Panelists and event organisers at the WILPF-supported event hosted by the Permanent Mission of Canada to the United Nations (Photo: Sarah Tunnell/WILPF/PeaceWomen)
Tuesday, September 20th, 2016, 1:00pm - 2:30pm
Permanent Mission of Canada to the UN, 885 2nd Ave, New York, 14th Floor,
Women’s International League Peace and Freedom (WILPF)
Women’s Refugee Commission
Hon Marie-Claude Bibeau, Minister of International Development and La Francophonie, Canada
Zrinka Bralo, Chief Executive of Migrants Organise, Bosnia
Sabah Al Hallak, a veteran activist from the Syrian Women’s League
Mina Jaf, Founder and Director, Women’s Refugee Route
Beth Arthy, Director for Middle East and North Africa Department (MENAD), Department for International Development
Amb Miguel Ruiz Cabaňas, Deputy Minister for Multilateral Affairs and Human Rights Mexico
As part of WILPF’s ongoing effort to bring the voices of local women to the attention of the international community, WILPF co-sponsored an event with CARE International and the Women's Refugee Commission on September 20, entitled “Women and Girl’s Perspectives on the Refugee and Migrant Summit.” Hosted by the Permanent Mission of Canada to the United Nations, it featured a number of government representatives from Mexico and Canada and women peace activists from civil society organisations in Bosnia, Denmark, the United Kingdom, and Lebanon.
The discussion focused on the particular challenges faced by displaced women and girls, policy gaps in camps and resettlement states, and how the international community can best respond to improve the lives of female refugees.
Marie-Claude Bibeau, Minister of International Development and La Francophonie, Canada, introduced the panel by reaffirming Canada’s commitment to displaced women and girls. One of the major deficiencies Canada hopes to address is a systemic lack of access to necessary services such as health and reproductive care, she said. Bibeau additionally emphasised displaced women and girl’s susceptibility to trafficking and other forms of sexual and gender-based violence during migrations and in refugee camps.
Zrinka Bralo, Chief Executive of Migrants Organise, from Bosnia offered testimony of her experiences as a refugee during the Yugoslav wars, and described simple reforms that could be enacted in camps and domestic asylum processes to improve the challenges women and girls face as refugees. In the United Kingdom, for example, improvements could be made by simply printing two copies of asylum applications so that wives are not rendered entirely dependent on potentially abusive spouses. In camps, Zrinka noted there is stringent implementation of child-care protocols, while gender-care protocols as simple as placing a lock on lavatory doors go ignored.

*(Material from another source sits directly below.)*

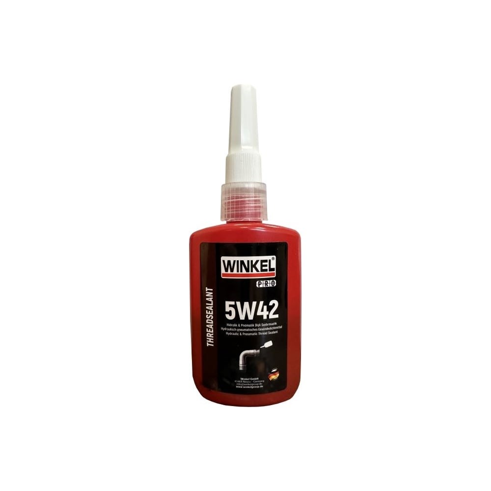 WINKEL PRO 5W42 - анаэробный резьбовой герметик средней прочности для резьбовых соединений в гидравлических и пневматических системах. Обеспечивает герметизацию жидкостей, сжатого воздуха, газа, топлива и др.химических продуктов, используемых в частных и промышленных объектах. Обладает высокой устойчивостью к температурам.Применение:Детали, подлежащие нанесению, должны быть сухими, чистыми и обезжиренными. Рекомендуется очистить поверхность с помощью очистителя WINKEL PRO Fast Cleaner (арт. для заказа 20071).Нанесите средство на резьбу полным оборотом и соедините детали. После затяжки не перемещайте их в период сушки. Полное высыхание занимает максимум 24 часа в зависимости от типа металла.
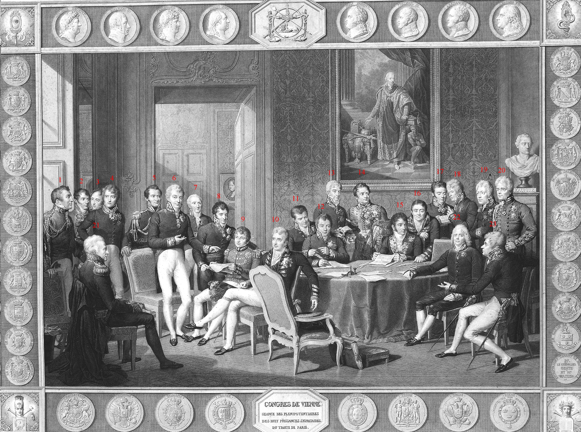 빈 회의. 라브라도 후작은 앉아있는 외교관들 중 오른쪽에서 세 번째 둥근 테이블에 앉아있다.

Sabah Al Hallak, a veteran activist from the Syrian Women’s League, brought the panel’s attention to weaknesses in the current policies and practices of Lebanon and other governments in protecting and assisting Syrian women and girls, especially around legal barriers to education in Lebanon. She advocated for governments such as Lebanon to provide official documentation to refugees free of charge, and to consider variables such as language and the distance students must travel to school when providing educational services.
Mina Jaf, Founder and Director, Women’s Refugee Route, was born a refugee. Mina confirmed that the New York Declaration boasted strong Women, Peace and Security language, but reminded listeners that “we have seen this language before- we need implementation.” Unsurprisingly, language was a central issue in her presentation. She stressed that despite legal protections guaranteeing same-sex interpretation, in Greece there are few if any female interpreters available to refugees, which renders reporting sexual and gender-based violence or accessing reproductive healthcare impossible for many women and girls.
Beth Arthy, Director for Middle East and North Africa Department (MENAD), spoke about the necessity to protect younger generations of refugees, as their loss is also the loss of our future. As Arthy completed her remarks, she stated, “Let us not let the voices of girls fleeing their homes for freedom and education go unheard.”
Amb Miguel Ruiz Cabaňas, Deputy Minister for Multilateral Affairs and Human Rights Mexico, expressed his desire to discover how the international community can become true agents of change. This is particularly vital in light of the increased flow of refugees from Central America. Cabaňas highlighted a contest the Mexican Women’s Institute launched two years ago, titled “Tell Me Your Story.” The contest invited refugee women to share their experiences of migration and integration into their new communities. He remarked that though many of their stories included struggle, the purpose of the project was not to label them as victims, but to understand and celebrate how they overcame their challenges.
The testimonies offered by the event panellists provided insight into how the international community can incorporate a gender perspective into its policies and practices for women and girls. As Minister Bibeau, stated at the event, “Women and girls are strong agents of change, they are agents of peace, and a key part of any movement.”